═══ Study material ═══

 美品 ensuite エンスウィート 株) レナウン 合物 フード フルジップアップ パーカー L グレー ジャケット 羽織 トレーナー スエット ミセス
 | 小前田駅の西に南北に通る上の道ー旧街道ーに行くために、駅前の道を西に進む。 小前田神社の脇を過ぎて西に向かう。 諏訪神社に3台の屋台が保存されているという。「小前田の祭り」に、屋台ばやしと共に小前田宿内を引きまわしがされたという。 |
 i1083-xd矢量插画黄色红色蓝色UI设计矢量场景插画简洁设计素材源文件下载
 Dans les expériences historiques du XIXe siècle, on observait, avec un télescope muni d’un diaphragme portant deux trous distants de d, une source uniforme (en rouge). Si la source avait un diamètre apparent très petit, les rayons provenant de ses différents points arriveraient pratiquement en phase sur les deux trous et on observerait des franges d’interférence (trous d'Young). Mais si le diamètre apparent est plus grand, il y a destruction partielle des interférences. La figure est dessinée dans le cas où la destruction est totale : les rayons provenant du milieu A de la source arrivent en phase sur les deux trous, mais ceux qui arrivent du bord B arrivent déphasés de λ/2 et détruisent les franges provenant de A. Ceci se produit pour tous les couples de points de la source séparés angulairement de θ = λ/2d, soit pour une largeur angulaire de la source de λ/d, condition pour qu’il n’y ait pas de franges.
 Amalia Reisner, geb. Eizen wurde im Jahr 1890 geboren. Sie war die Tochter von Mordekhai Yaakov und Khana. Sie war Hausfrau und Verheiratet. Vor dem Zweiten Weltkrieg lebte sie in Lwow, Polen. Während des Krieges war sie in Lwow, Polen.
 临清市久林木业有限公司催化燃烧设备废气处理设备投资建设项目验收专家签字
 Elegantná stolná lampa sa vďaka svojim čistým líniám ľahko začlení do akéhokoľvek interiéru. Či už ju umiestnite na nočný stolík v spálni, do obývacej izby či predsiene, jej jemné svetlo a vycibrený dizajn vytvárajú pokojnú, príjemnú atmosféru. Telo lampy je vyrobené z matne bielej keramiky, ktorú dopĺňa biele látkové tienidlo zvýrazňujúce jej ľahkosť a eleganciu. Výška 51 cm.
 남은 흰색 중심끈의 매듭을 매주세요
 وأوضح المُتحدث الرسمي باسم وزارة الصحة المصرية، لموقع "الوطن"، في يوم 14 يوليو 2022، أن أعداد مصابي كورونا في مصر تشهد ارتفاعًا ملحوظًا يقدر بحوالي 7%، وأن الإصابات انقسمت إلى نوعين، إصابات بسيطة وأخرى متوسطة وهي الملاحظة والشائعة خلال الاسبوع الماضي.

═══
═══ Study material ═══

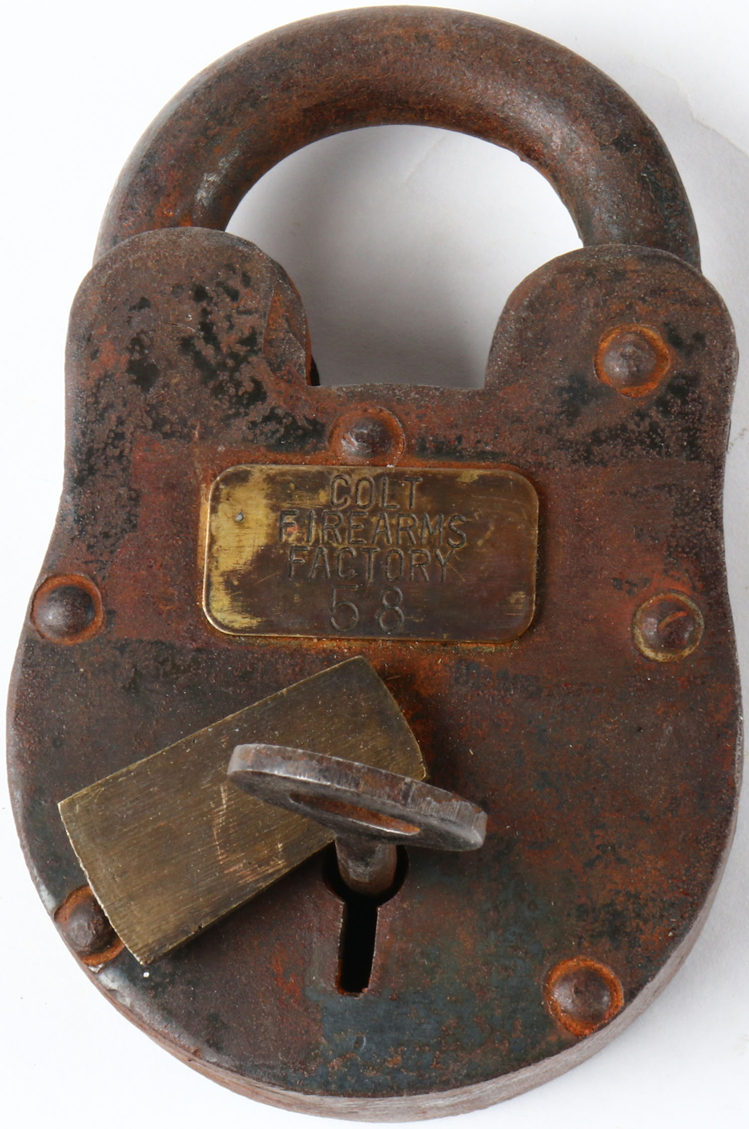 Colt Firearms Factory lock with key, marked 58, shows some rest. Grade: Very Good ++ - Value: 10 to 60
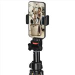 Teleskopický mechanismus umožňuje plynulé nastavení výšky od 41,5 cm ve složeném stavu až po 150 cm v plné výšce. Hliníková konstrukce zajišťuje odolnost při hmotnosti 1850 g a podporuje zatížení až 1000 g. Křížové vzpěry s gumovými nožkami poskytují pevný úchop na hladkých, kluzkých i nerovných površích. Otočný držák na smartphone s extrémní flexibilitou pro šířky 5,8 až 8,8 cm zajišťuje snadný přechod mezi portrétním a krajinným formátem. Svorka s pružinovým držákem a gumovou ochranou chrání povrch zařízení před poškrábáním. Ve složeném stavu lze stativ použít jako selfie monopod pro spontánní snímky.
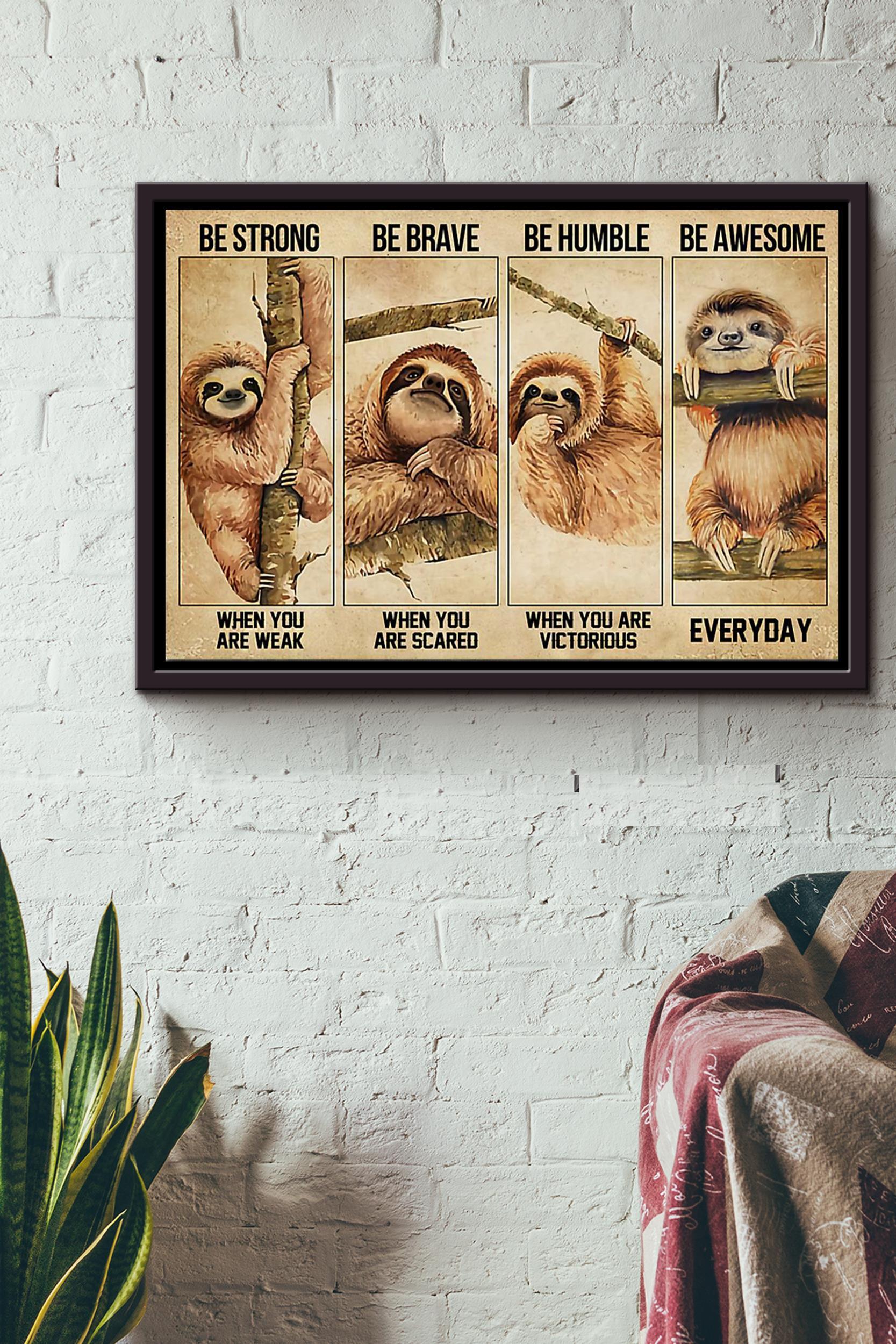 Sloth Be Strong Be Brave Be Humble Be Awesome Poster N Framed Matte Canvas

═══
═══ Study material ═══

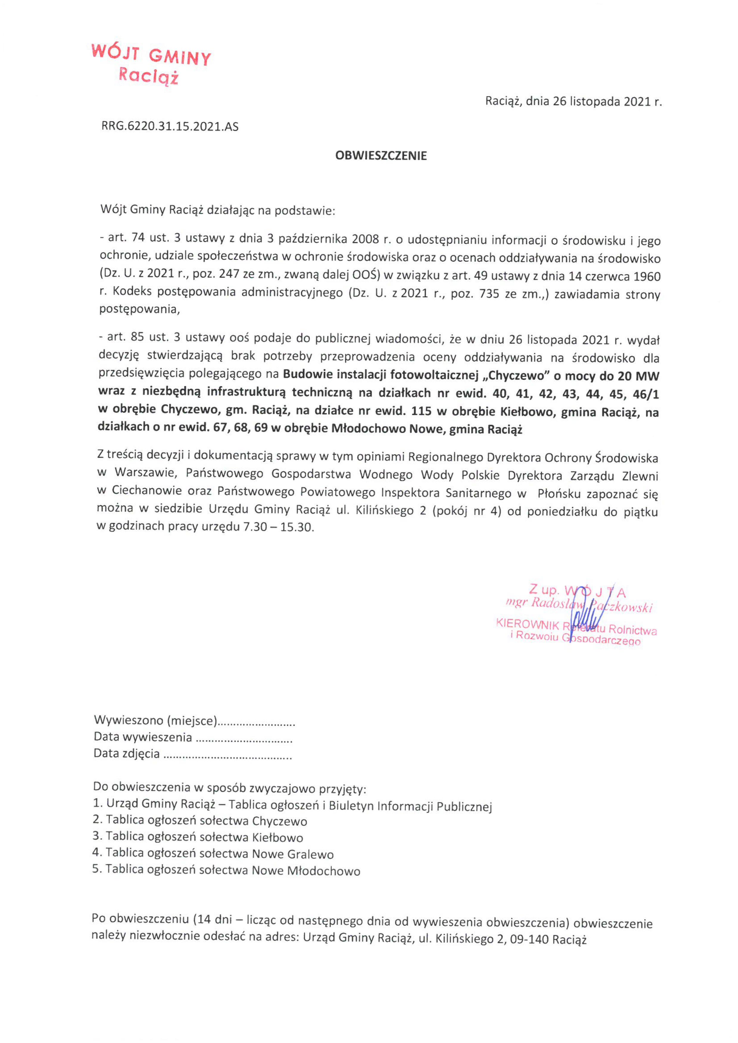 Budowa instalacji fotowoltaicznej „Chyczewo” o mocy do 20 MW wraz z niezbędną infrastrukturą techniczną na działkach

═══

## Problem description
In the entries above, restate word for word the lines between the one holding "美品 ensuite エンスウィート" and the one holding "i1083-xd矢量插画黄色红色蓝色UI设计矢量场景插画简洁设计素材源文件下载", inclusive, and nothing besides.

## Solution
 美品 ensuite エンスウィート 株) レナウン 合物 フード フルジップアップ パーカー L グレー ジャケット 羽織 トレーナー スエット ミセス
 | 小前田駅の西に南北に通る上の道ー旧街道ーに行くために、駅前の道を西に進む。 小前田神社の脇を過ぎて西に向かう。 諏訪神社に3台の屋台が保存されているという。「小前田の祭り」に、屋台ばやしと共に小前田宿内を引きまわしがされたという。 |
 i1083-xd矢量插画黄色红色蓝色UI设计矢量场景插画简洁设计素材源文件下载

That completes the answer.